Non ci sono solo i balneari, tassisti, notai, aziende pubbliche di trasporto che continueranno a non vedere le proprie concessioni messe a gara. L’avversione profonda alla concorrenza è una patologia sempre più estesa nella politica italiana, a destra come a sinistra. Prevale l’idea paternalista che sia lo stato e non il mercato a disciplinare prezzi e tariffe, a tutelare i mille interessi che hanno solo svantaggi da un’ondata generale in cui siano i liberi prezzi a determinare la migliore e più efficiente offerta del servizio secondo la valutazione del cliente. E così la produttività generale italiana, naturalmente, continua a languire.
Vicenda del tutto analoga è quella del disegno di legge che sta per essere approvato a passo bersaglieresco dal Parlamento: alla Camera sono bastate tre settimane per passare dalla commissione all’aula con voto finale senza modifiche. Legge che nasce da un ddl a prima firma Meloni – e questo ne spiega la celerità – della scorsa legislatura. Che mira a tutelare i piccoli professionisti dalla famigerata avidità delle grandi imprese. Passo indietro: sulla disciplina delle tariffe professionali si battaglia da molti anni. I minimi erano stati aboliti in tempi di liberalizzazioni, ma con il decreto legge 148/2017 riapparve la volontà di tutelare un equo compenso ai professionisti nei rapporti con imprese bancarie e assicurative e grandi imprese, per evitare presunte situazioni di squilibrio nei rapporti contrattuali tra professionisti e clienti “forti”.

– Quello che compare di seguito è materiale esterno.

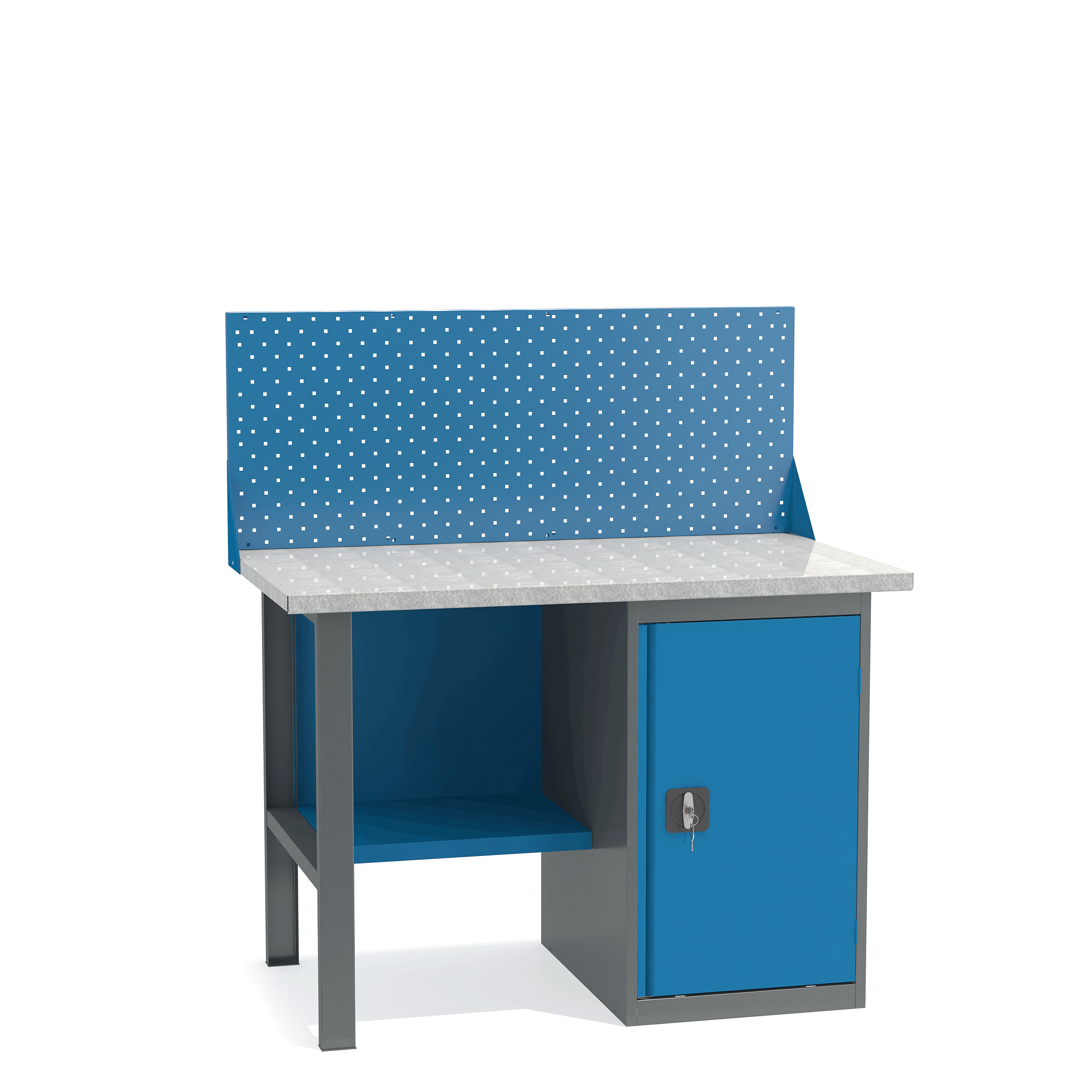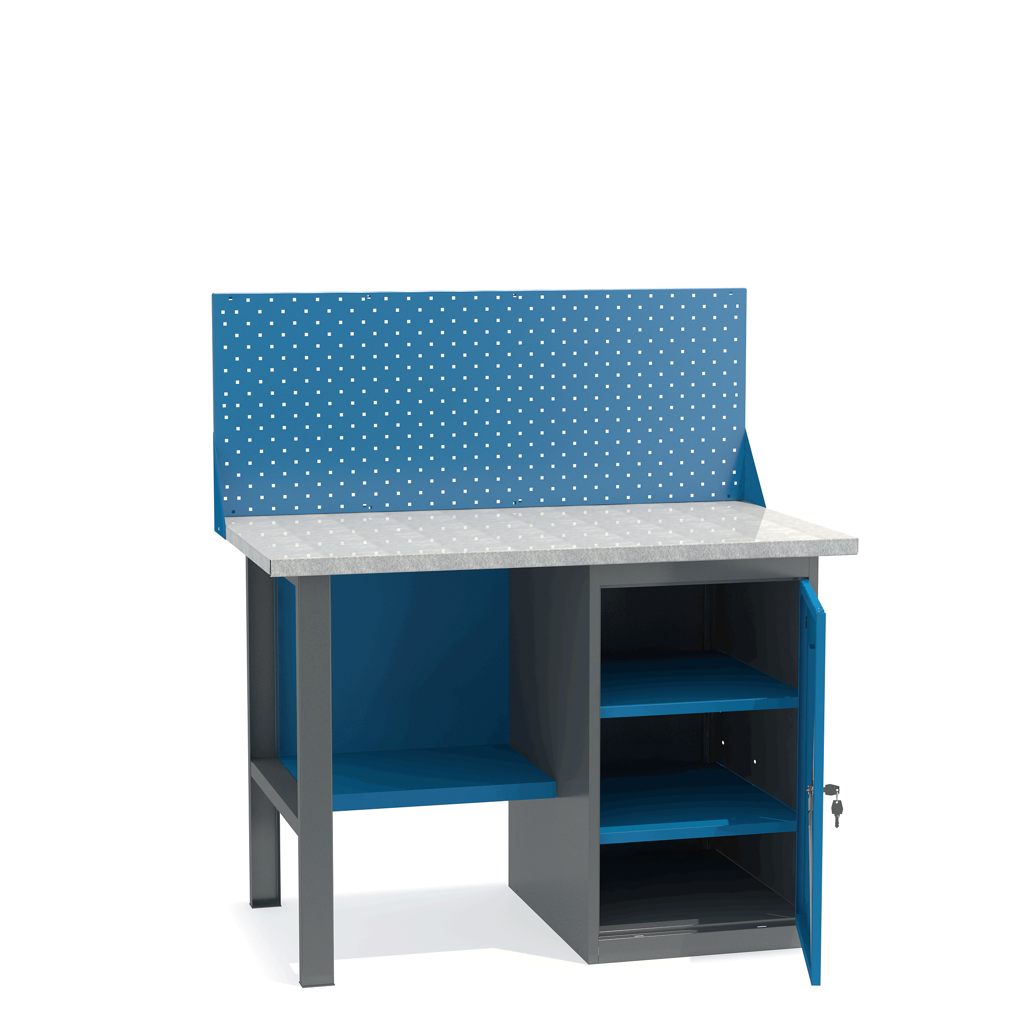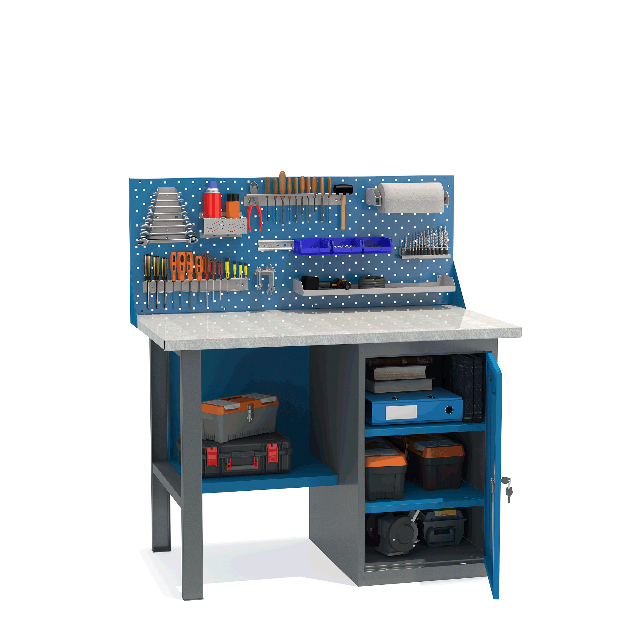 - Верстак укомплектован тумбой с полками.

Si previde nullità delle clausole predisposte dalle imprese committenti laddove i compensi fossero non in linea con i parametri ministeriali che divennero obbligatori, mentre all’epoca delle liberalizzazioni erano dovuti per i soli casi di mancato accordo tra le parti. Nei fatti, il decreto reintroduceva un tariffario invigilato per i servizi professionali, abrogato nel 2012 perché limitativo della concorrenza nel mercato di tali servizi, sostituendolo con il riferimento ai “parametri” definiti dal Ministero vigilante. La legge Meloni in corso di fulminea approvazione va ben oltre. Non solo i “contraenti forti” diventano non più le sole grandi imprese ma tutte le medie imprese sopra i 50 dipendenti o i 10 milioni di euro fatturati. Ma spetterà al tribunale ordinario pronunciarsi se il compenso sia equo o no rispetto ai parametri ministeriali. E ciliegina sulla torta, per i professionisti iscritti a ordini e collegi professionali spetterà agli ordini stessi “sanzionare” coloro che accettino liberamente tariffe inferiori. Il parere di congruità degli ordini diventa vero titolo esecutivo, come se gli ordini fossero parificati al giudice di Stato. E, attenzione, la mannaia non cade solo su intese contrattuali dettate unilateralmente dal committente, bensì su tutte le intese, anche quelle liberamente pattuite ma segnalate da professionisti rimasti all’asciutto. E mica solo i piccoli poveri singoli professionisti, bensì qualunque intesa di prestazione di servizio che riguardi anche studi associati in forma societaria e plurispecializzati.
Sintesi estrema: invece di incentivare la nascita di sempre più estese forme associative di professionisti in grado di offrire a più basso costo migliori servizi integrati all’impresa, l’esatto opposto. Piccolo è bello e piccolo va difeso. L’Antitrust scrisse nel 2017 che la reintroduzione mascherata delle tariffe professionali era “in stridente controtendenza con i processi di liberalizzazione che, negli anni più recenti, hanno interessato il nostro ordinamento anche nel settore delle professioni regolamentate”. Infatti, collegando l’equità del compenso ai paramenti tariffari contenuti nei decreti ministeriali, tali previsioni reintroducevano di fatto i minimi tariffari, con l’effetto di “limitare confronti concorrenziali tra gli appartenenti alla medesima categoria, piuttosto che tutelare interessi della collettività”. Eventuali criticità connesse alla presenza di fruitori di servizi professionali con elevato potere di domanda – continuava l’Antitrust – non vanno affrontate attraverso la fissazione di un prezzo minimo per l’erogazione dei servizi, che avrebbe l’unico effetto di alterare il corretto funzionamento delle dinamiche di mercato e ostacolare lo spontaneo adattamento di domanda e offerta. Che dirà ora l’Antitrust, in presenza di una stretta ancora e molto più forte? Si accettano scommesse: qualunque cosa l’Antitrust dicesse, la politica attuale se ne farebbe ampi baffi.